# What is the purpose of a 5 point breastplate?



## lisa_lou (10 August 2011)

Ive tried a normal and standing martingale on my mare when jumping, she gets very strong, comes above the bit and puts her head up fairly high to try and pull and rush into jumps, she gets very over excited and doesnt respect me or listen to me when asking her to slow down. Would a breastplate help at all? The martingale attatchment on them seems to look shorter than on a running martingale which would stop her putting her head up so high. (Martingale was pointless she was still able to get her head very high) Any suggestions?


----------



## elsiex (10 August 2011)

Breastplates are to stop the saddle from slipping back. Even though this does have a martingale attachment, it won't be of any more use to you than a standard martigale on it's own.

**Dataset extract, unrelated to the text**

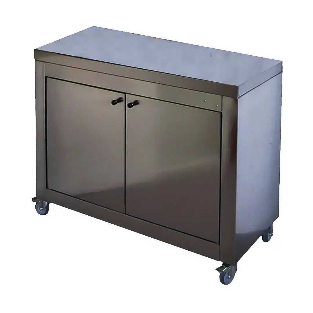 Le placard à 2 portes avec fond et étagère sur roulettes est l’accessoire idéal pour les rôtissoires MAP 2, 3 et 4. Il offre un espace de rangement optimisé pour vos ustensiles et ingrédients.

Have you considered a Market harborough?


----------



## Ladylina83 (10 August 2011)

I thought it was just to look good ! 

(sorry not construcive at all )


----------



## MrsMozart (10 August 2011)

Five points are to stop the saddle slipping back (and to give the rider some extra handholds should they be needed ).

Your running martingale may be too long. The rings should reach about whither height.

What bit is she in? What noseband?

Do you do any pole and/or grid work with her?


----------



## lisa_lou (10 August 2011)

i have heard of one but dont know what it is used for. Ive always thought the little used the better but were not getting anywhere at the moment as she just shoves the head straight up, even when doing grids she doesnt respect the poles/fences as she just holds head high and tries to go faster and faster! What is the effects of a market harbour?


----------



## lisa_lou (10 August 2011)

Mrs mozart she is in a pee wee bit (only for jumping) and a grackle noseband. I have tried a grackle noseband but think she was worst in this. Ive tried lots of bits but had no control in any of them. The pee wee seems to be the best so far.


----------



## MrsMozart (10 August 2011)

Have you tried a drop noseband? I'm trying to imagine the peewee, not used one for ages and can't remember what they look like, so not sur if the combination would work.

Look at a picture of the Market Harborough. The general idea is that if the horse flings its head, it is pulling against itself. Not sure it will work on a horse who's head goes up and stays up, but probably worth borrowing one and trying it.


----------



## canteron (10 August 2011)

Remember to some extent the horses have to lift there head to see the jump, so don't fight that too much), but if you are feeling out of control that isn't great.

As Mrs Mozart suggested, schooling should help.  A XC lesson with a really good teacher would also help advise on best bit/gadget and then you would be really confident how to progress!!


----------